** TO DO **
Write out the listing below without alteration, omitting its pictures.

** SUPPLIED INFORMATION **
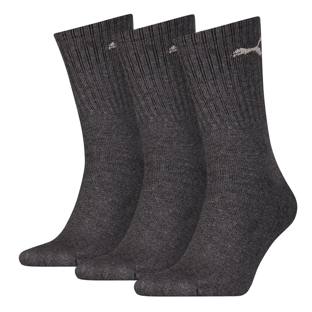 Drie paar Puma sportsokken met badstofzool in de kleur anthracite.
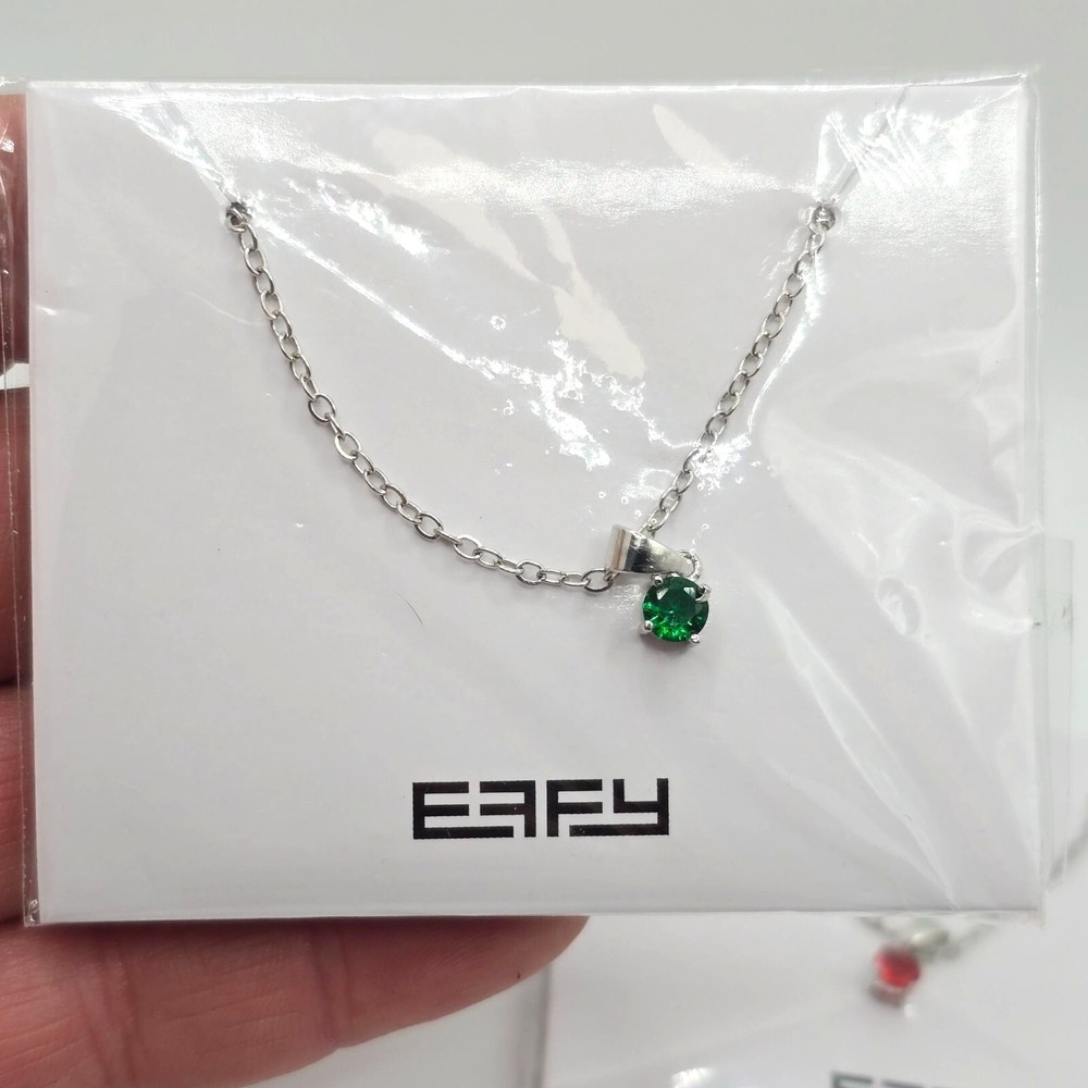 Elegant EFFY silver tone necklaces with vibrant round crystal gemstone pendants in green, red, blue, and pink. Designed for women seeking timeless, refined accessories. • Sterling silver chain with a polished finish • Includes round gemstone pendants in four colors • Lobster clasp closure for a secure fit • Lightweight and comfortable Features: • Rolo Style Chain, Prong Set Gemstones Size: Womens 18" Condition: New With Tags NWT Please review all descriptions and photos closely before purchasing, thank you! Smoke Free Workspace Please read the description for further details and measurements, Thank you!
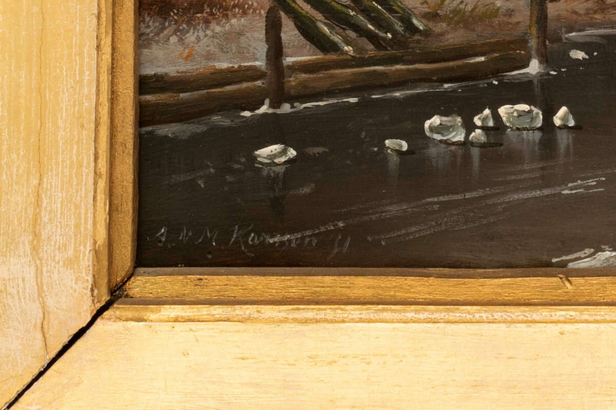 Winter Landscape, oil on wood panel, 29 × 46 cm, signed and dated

** ANSWER TO THE EXERCISE **
 Drie paar Puma sportsokken met badstofzool in de kleur anthracite.
 Elegant EFFY silver tone necklaces with vibrant round crystal gemstone pendants in green, red, blue, and pink. Designed for women seeking timeless, refined accessories. • Sterling silver chain with a polished finish • Includes round gemstone pendants in four colors • Lobster clasp closure for a secure fit • Lightweight and comfortable Features: • Rolo Style Chain, Prong Set Gemstones Size: Womens 18" Condition: New With Tags NWT Please review all descriptions and photos closely before purchasing, thank you! Smoke Free Workspace Please read the description for further details and measurements, Thank you!
 Winter Landscape, oil on wood panel, 29 × 46 cm, signed and dated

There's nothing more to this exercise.